Buried under a layer of cement in a landfill in Alamogordo, New Mexico (USA), there are more than 700,000 Atari game cartridges. Among others, there are copies of E.T., the game based on the Steven Spielberg movie. This heartbreaking scene symbolizes the video game crash of 1983, when the demand for games like E.T. it plummeted and Atari threw out (literally) hundreds of thousands of cartridges to reduce supply and maintain prices.
But why did the demand for Atari games grow exponentially, only to then precipitously collapse? As soon as the original Atari games, such as Centipede y Space Invadershit the store shelves, lots of imitations flooded the market.
When innovations become profitable, many imitators appear seeking to make the original work profitable without assuming the high risks of innovating. This phenomenon is not limited to Atari or video games, but is universal in creative products. There are, for example, more than 20 film sequels to The Avengers y X-Men from Marvel.
As Atari games grew in popularity in the 1980s, new creators and programmers entered the video game business, creating literal copies or rip-offs of the most successful games (such as Space Invaders), as Phobos, Pushkin, Quarxon, Yahtman, Catterpiggle y Diggerbonk.
As imitators copied the original and then copied the copies, the early programmers who created pioneering Atari games like the Pong, Combat y Super Breakoutthey were no longer directly involved. His creativity and innovation were diluted by the large number of video game designers who copied each other.
An international team of researchers studied this process, which we have called “creativity dilution”. In a recent study we analyzed how imitations affect a product.

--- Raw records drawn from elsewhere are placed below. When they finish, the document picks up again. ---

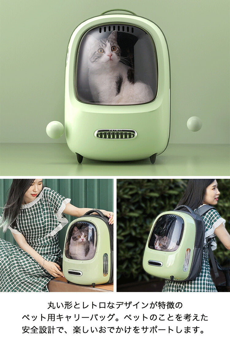 ペットキャリー リュック 送風 ライト付き 軽量 換気口 風速調節 広々 窓付き かわいい レトロ おしゃれ キャリーバッグ ペット用キャリーバッグ キャリーリュック ペット用リュック ペット用 PETKIT 旅行 お出かけ 散歩 犬 猫
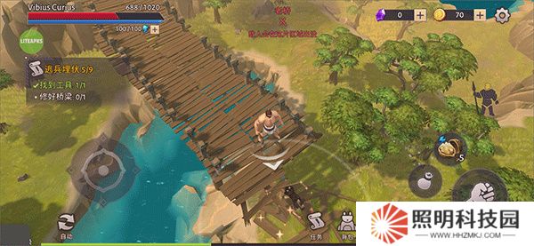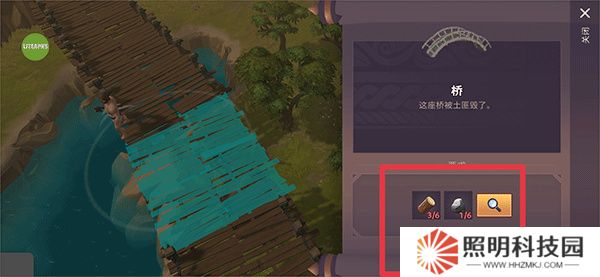 2、然后跟隨著任務來到斷橋處,你需要使用材料來對斷橋進行修復。
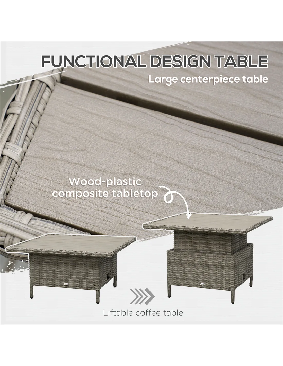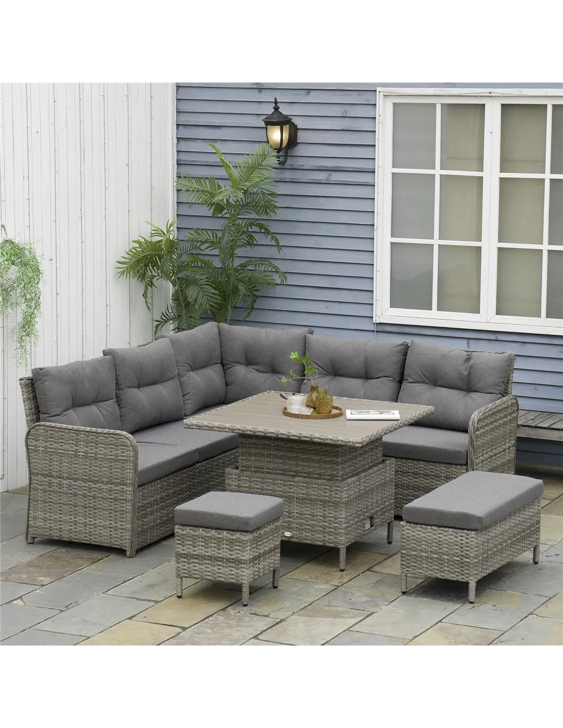 Relax together in comfort and style in this Outsunny rattan corner sofa set., Six pieces: corner chair, right-handed loveseat, left-handed loveseat, long footstool, square footstool and a liftable coffee table - arrange in a way you want. Metal frame for a strong core, wrapped in plastic rattan for support, durability and style. The table can be raised or lowered-dine at a level you want; comes with a wood-effect top for extra beauty.
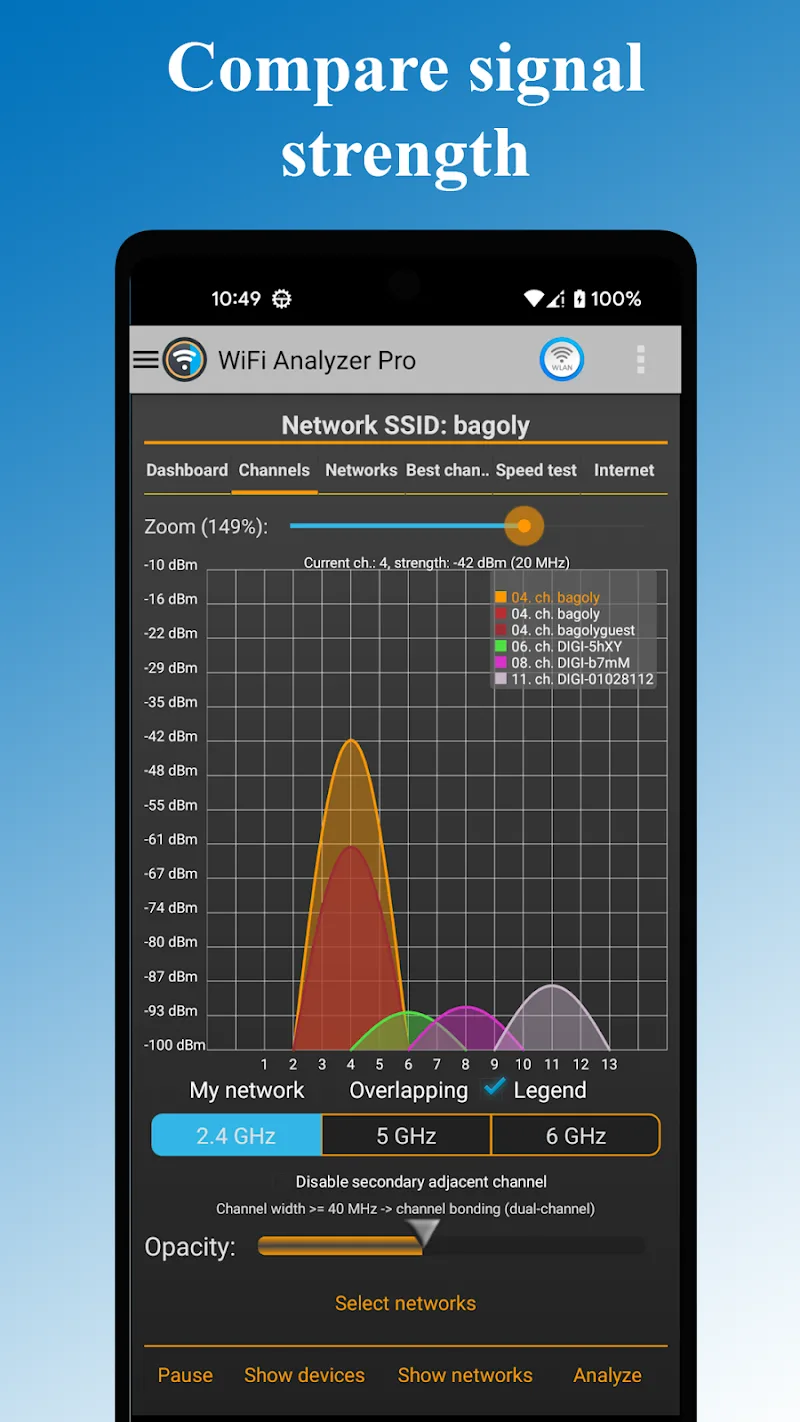 WiFi networks will be analyzed and monitored more effectively by users who own the WiFi Analyzer Pro application. The tools in this application help users complete the optimization of their WiFi networks. In addition, the device is also monitored to upgrade the security system.

We have asked ourselves: were there measurable warning signs before the collapse of a multi-billion dollar market like Atari’s? The results of this research could benefit investors and consumers to better understand creative product trends and cycles, and to distinguish between innovative creators and those who imitate.
Cycles of growth and collapse
Our team addressed this question using our collective expertise in network theory, anthropology, cultural evolution, and evolutionary biology.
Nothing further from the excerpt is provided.